So that left me with two problems. One was God's own response to his own action, which could only lead to the conclusion that the eternal, unchanging God changed his mind about his own actions, not to mention the fact that he seems to be surprised by how he felt about his own cruelty.

 

The other problem I had with his "repentance" was that he didn't seem to be able to fathom the deeper moral principle of his actions. Instead of learning his moral lesson and responding with "I'll never kill almost every one in the world again," he's only able to get as far as saying, "I'll never kill every one in the world by that method again."

 

What the hell was I supposed to make of this as a Christian? If a guy is on trial for murder by blowing the victim's head off with a shotgun, and in his testimony he tearfully tells the jury that he's really learned his lesson that killing someone by shotgun is deeply wrong, and that if he ever commits murder again, he'll use a chainsaw or a machete, is the jury then supposed to say, "Gosh, he's a changed man. He's obviously had a true moral epiphany. We should go easy on him?"

 

What the fuck is this shit???

 

My other main problem with the flood story didn't have any thing to do with the rainbow, but it was a persistent question I kept having with how God deals with shit over and over again. It can be summed up with the question, "Did it work?"

 

God sees all the sin and depravity going on and just can't tolerate any more. He's going to put an end to it once and for all. He kills off everybody except for the family of one "Godly" man.

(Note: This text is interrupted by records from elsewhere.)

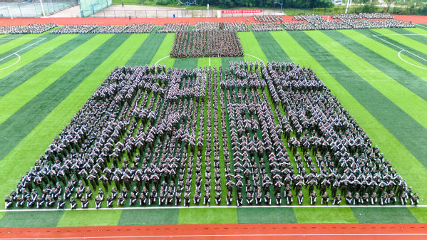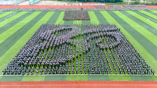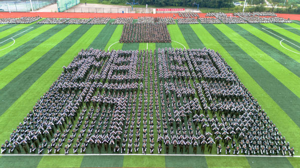 9月22日上午,武汉工商学院2025级新生开学典礼暨军训成果汇报大会在校田径场举行。由1500余名新生组成的女子花样方阵依次变换出“1949”“天安门”“中国我爱你”等字样,传递对伟大祖国的深情祝福,场面十分壮观。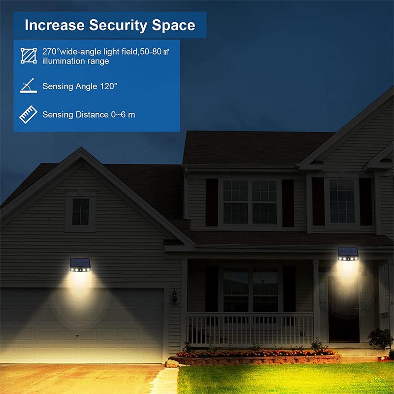 Регулируемые солнечные светильники движения на открытом воздухе:Прост в установке, имеет регулируемую опору для получения большего угла освещения и диапазона яркости в соответствии с потребностями.. Подходит для гаражей, домов, входных дверей, дворов, заборов, террас и т. д.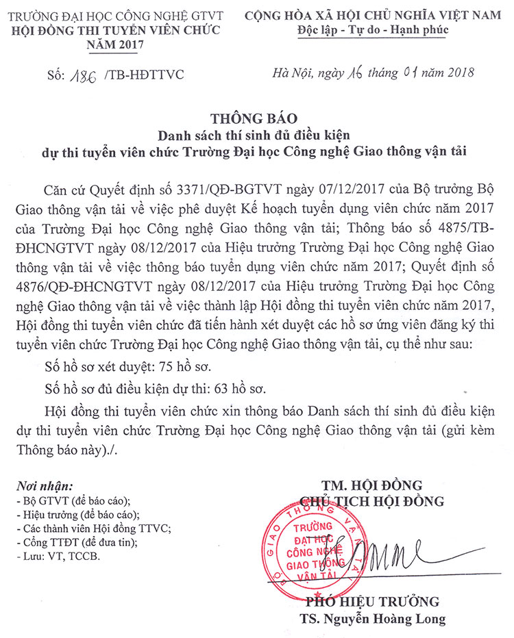 Thông báo Danh sách thí sinh đủ điều kiện dự thi tuyển viên chức Trường Đại học Công nghệ GTVT 17/01/2018 14:01 File đính kèm Danh-sach-thi-sinh-du-dieu-kien-du-thi-tuyen-vien-chuc.pdf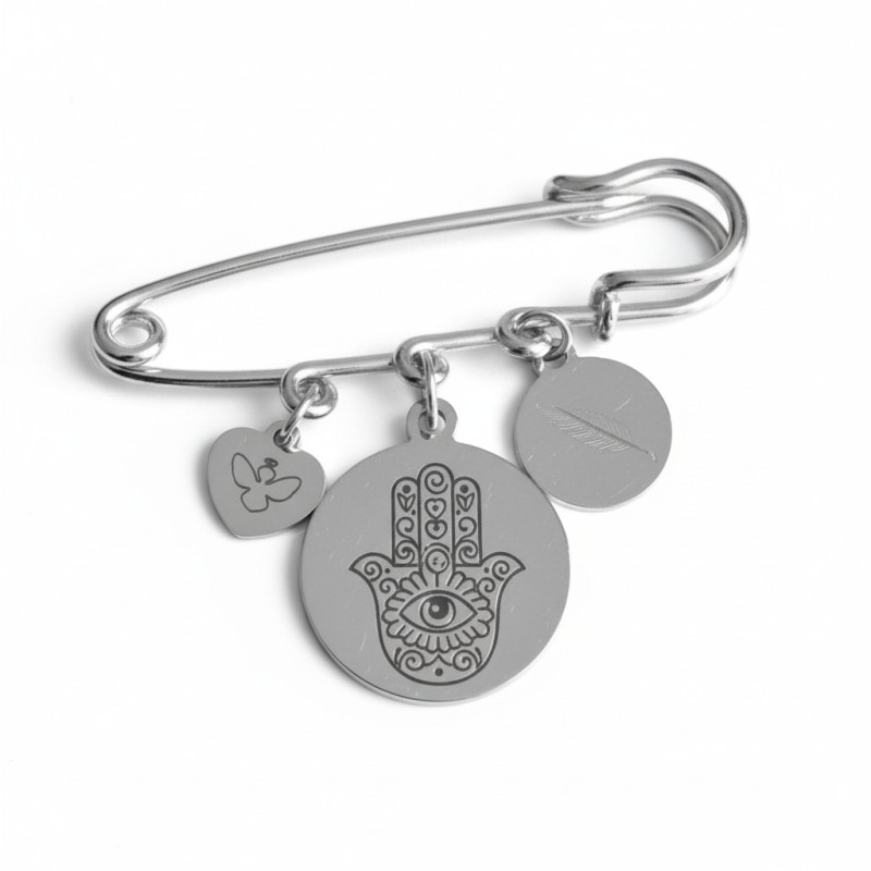 Hay detalles que van más allá de lo material… este colgante con alfiler dorado y medalla de la Mano de Fátima personalizado es un símbolo de protección, fe y amor para los más pequeños.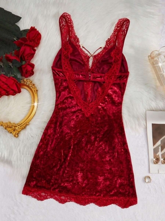 3 reviews for Solid Color Lace Splicing Velvet Sexy Nightgown, Deep V Backless Slit Night Dresses,Ladies’ Fall & Winter Comfortable Sleep Dress Sexy Lingerie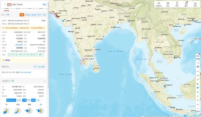 據hiFleet航運大數據顯示,這艘1728箱位的貨櫃船MSC ELSA 3號(1997年波蘭建造,懸掛賴比瑞亞國旗)於5月23號台北時間夜間從VIZHINJAM POINT附近港口出發前往COCHIN,海上航行了接近300海裏,平均速度只有3.88節。台北時間5月24號下午三點該船在接近目的港前開始停航和漂航,其AIS數據在台北時間5月25號5點消失在hiFleet平台數據上。

The man's family barely has their feet back on solid ground again and the sin and degradation recommences and it goes downhill from there.

 

Over and over as I read the Bible, I kept having this picture of God on his Great White Throne looking down at the aftermath of some atrocity or other which he'd done as a response to the sinfulness of the world, stroking his long white beard in perplexity and saying, "Well, that didn't work, either! Dang! This has really got me stumped!"

 

And, of course, twenty centuries of damned clergy who have their heads so far up their asses that this stuff doesn't even show up on their radar.

 

Sorry to go so sideways on your thread TF, but you triggered a long standing rant of mine. So it's really your fault. :HaHa: I know! I could recover my moral high ground by drowning you to death. I understand that there's precedent for it from the source of all moral authority.

 

Then I'll paint a lovely rainbow on your gravestone to show that everything's all right now.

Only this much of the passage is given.